Your real objective when trading

It’s lovely to bang in some massive results now and again, but generally, that’s not what trading is about. But they tend to be the exception rather than the rule. They tend to be clustered around the high-profile race meetings that occur throughout the year.

Most of the time I’m in a market. I’m just looking for an opportunity. Something I recognise as having a decent chance of a payoff with as little downside as possible. Sometimes you just can’t see them, and sometimes they are all over the place. But generally, my main focus is not on making money, generally just not losing it.

By that, I mean I’m actively trying to reduce my chance of a loss by not participating in a market I can’t ‘read’.

I tend to reduce my stakes when I’m less confident or wait carefully for an opportunity. I know I will get a profitable trade, whether I am looking for it or not, so I’m just trying to reduce the risk of it going wrong.

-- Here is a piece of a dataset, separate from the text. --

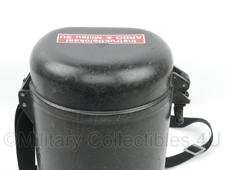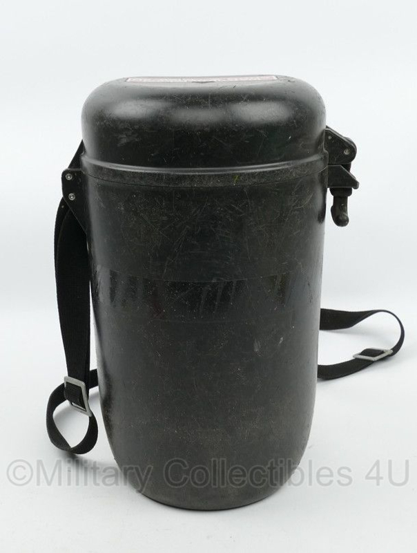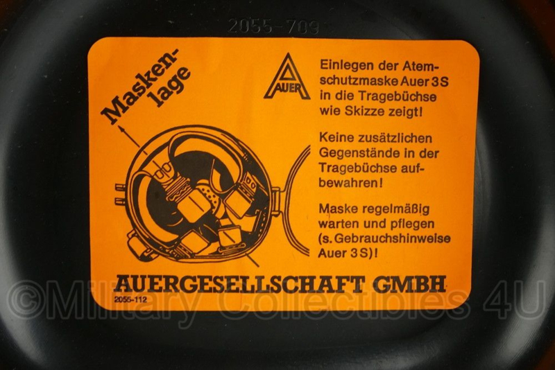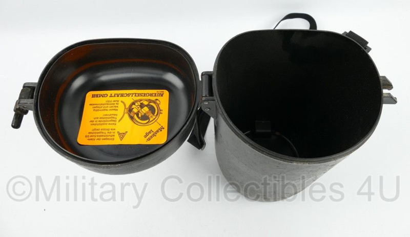 Dit is een originele gasmasker opbergbox van de fabrikant Auergesellschaft GmbH. Hij is gebruikt, maar in een nette staat.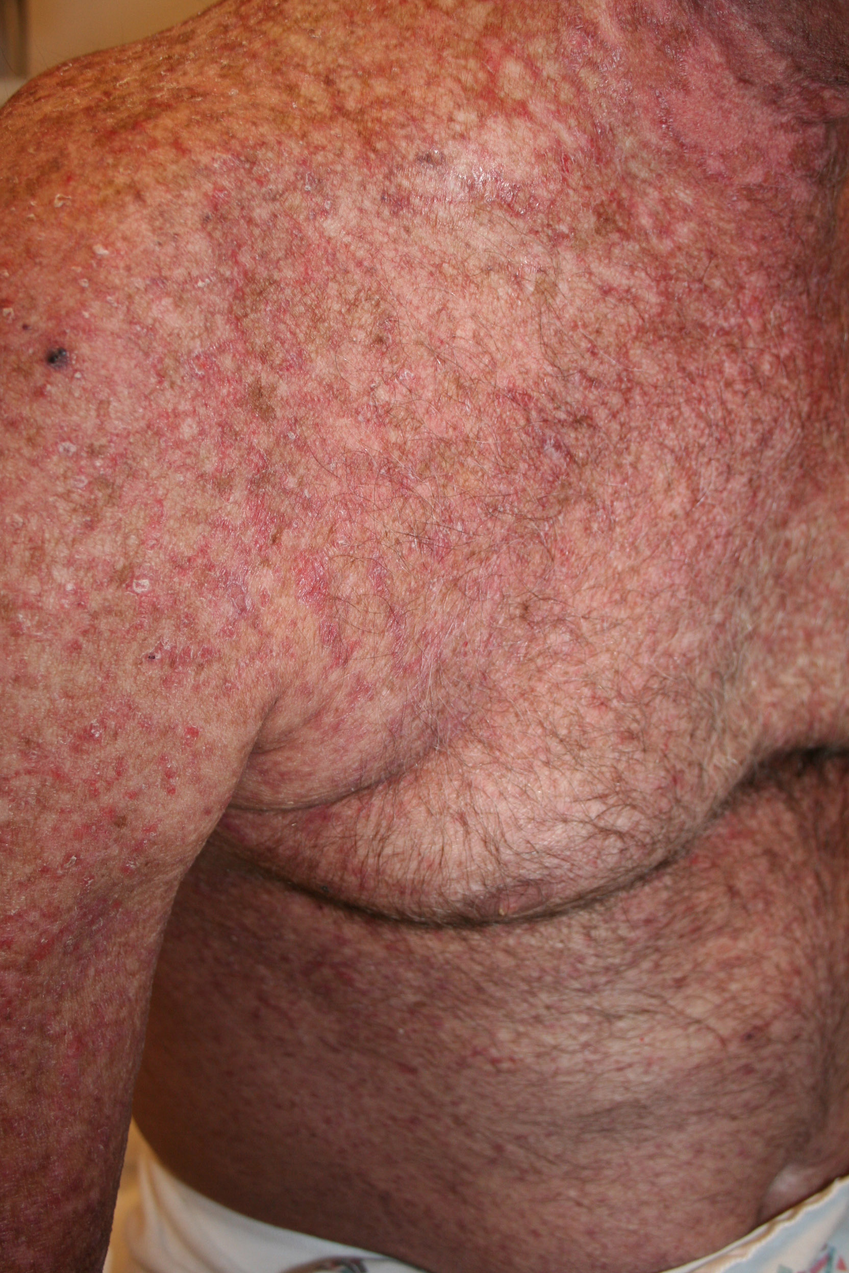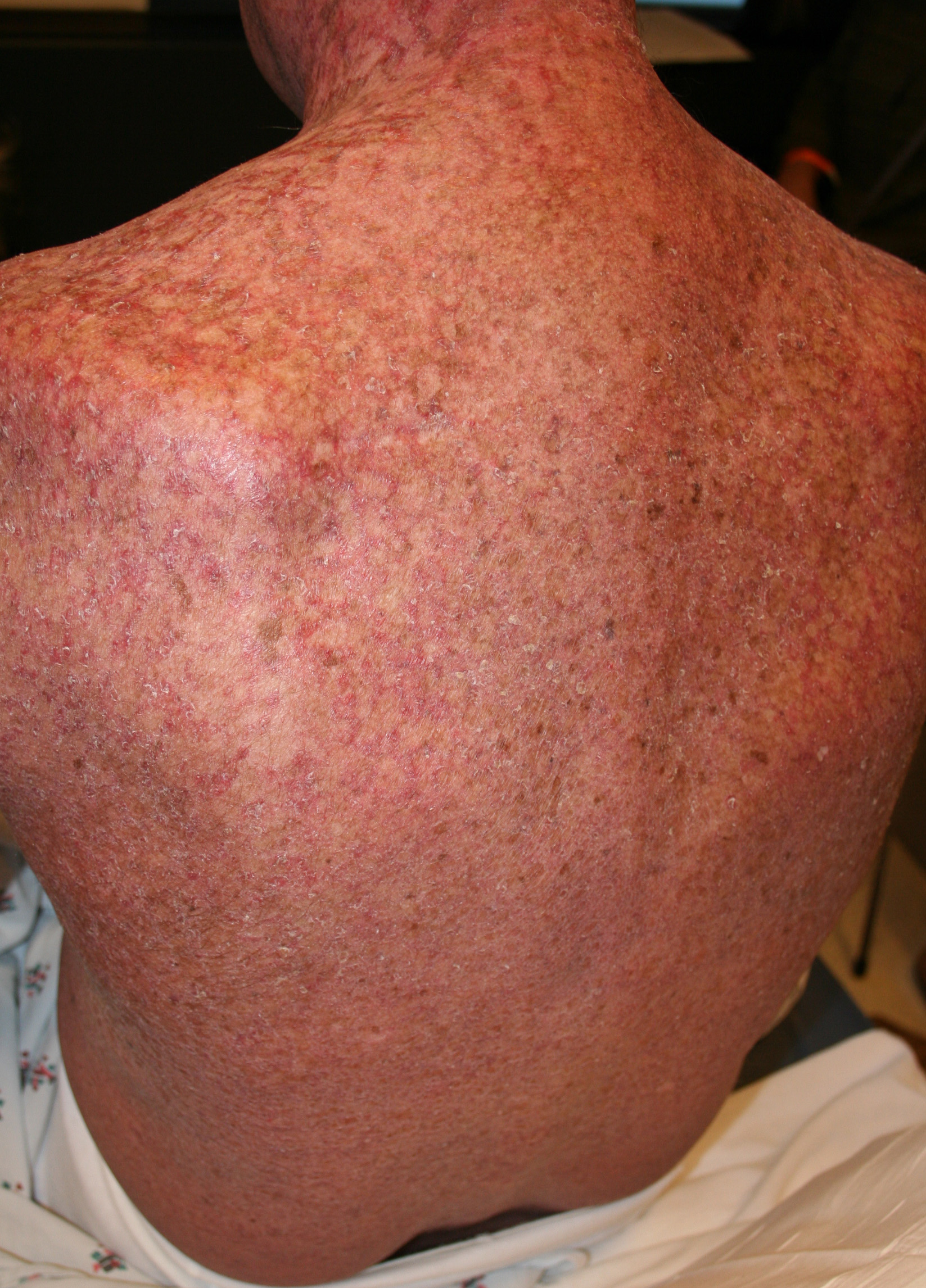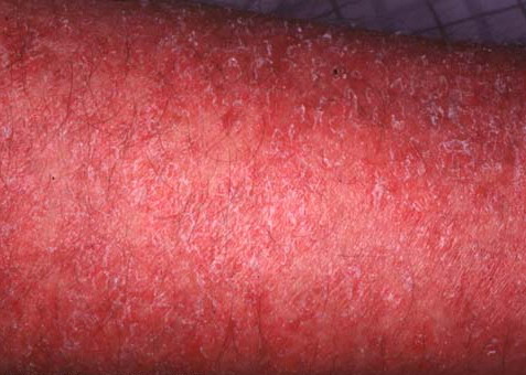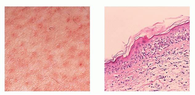 In the acute phase, the classic triad includes skin lesions, hepatic dysfunction, and diarrhea. The clinical severity is judged on the extent of the cutaneous eruption, total bilirubin, and stool volume. The eruption is characterized by extensive macular erythema, a morbilliform eruption, purpuric lesions, violaceous scaly papules and plaques, bullae, or in rare cases a TEN-like epidermal detachment. There is a predilection for the cheeks, ears, neck, upper chest, and palms and soles. Occasionally, follicular papules are seen simulating a folliculitis. Oral lesions may be present. About 30% of patients die from complications of acute GVHD. The overall clinical stage, during the first 40 days after transplantation, is useful in identifying patients with progressive and fatal disease . Cutaneous GVHD may be due to a synergistic effect from local irradiation .

There is often an impulsive tendency to do something when trading, but I’ve learnt that patience is critical. Let the market be your slave and not your master. If you can’t see an opportunity, it probably doesn’t exist.

Strike rate

The worst you can do over long periods when trading is winning 50% of the time. If you practice a bit, you can bump up your winning trade percentage by getting better and better at spotting opportunities.

Once you are in a profitable trade, you need to squeeze what you can out of it. This helps you tip the balance in your favour when the inevitable losses arrive.

Avoiding a loss is often a case of realising you have been an idiot and exiting quickly when your fantastic theory behind a trade has broken down. Many struggle to do this; it requires humility, self-criticism and a cool head.

Sometimes, things just don’t work out, and you may not even know why. But realising that is the key. But there is also some focus required on the upside.

Often, the biggest mistake I make is hanging on too long. A fantastic trade ends up collapsing to a modicum of itself by post-time. But generally, you are not aiming for that massive total; you are aiming for something much smaller than that.

The average range in a market is reasonably predictable. Therefore once a move has taken place, you would typically expect it to have its limits before it starts to correct itself. Therefore as soon as I enter a trade, I start putting my closing positions in much further up or down the ladder.

This means I know where my potential exit is, get near the front of the order book and can manage my positions around that ‘frame’.

Quantity and quality

I’ll trade around 1000 events a week, on average, this year, which means I don’t need much per race to get a stupendous result on the year.

But even then, I’ll lose on about 30% of races. My P&L is also bumpy, with positives, negatives, and some break evens. It’s not a smooth path at all.

I just need to pick up something from most races, and that will do.

If you have that mindset, you will have a more balanced approach to things. Over the course of a day, week, month and year individual results will vary, but if you focus on the long-term goal, it will help keep your primordial urges in check.

When I see a good opportunity, I’ll take it, but most of the time, I’m just biding my time waiting for it and trying to not get into trouble.

Knowing that you are aiming for something realistic means that even if you have a bad result, you can forget it quickly, move on and not let it influence what you do next. On the opposing side, if you get a good trade, I tend to look at it as though it’s funding a few losers or slightly bumping up my average.

A level head will give you a more realistic objective and stop your behavioural biases from interfering with your trading.

But the overall objective is similar: little and often soon adds up!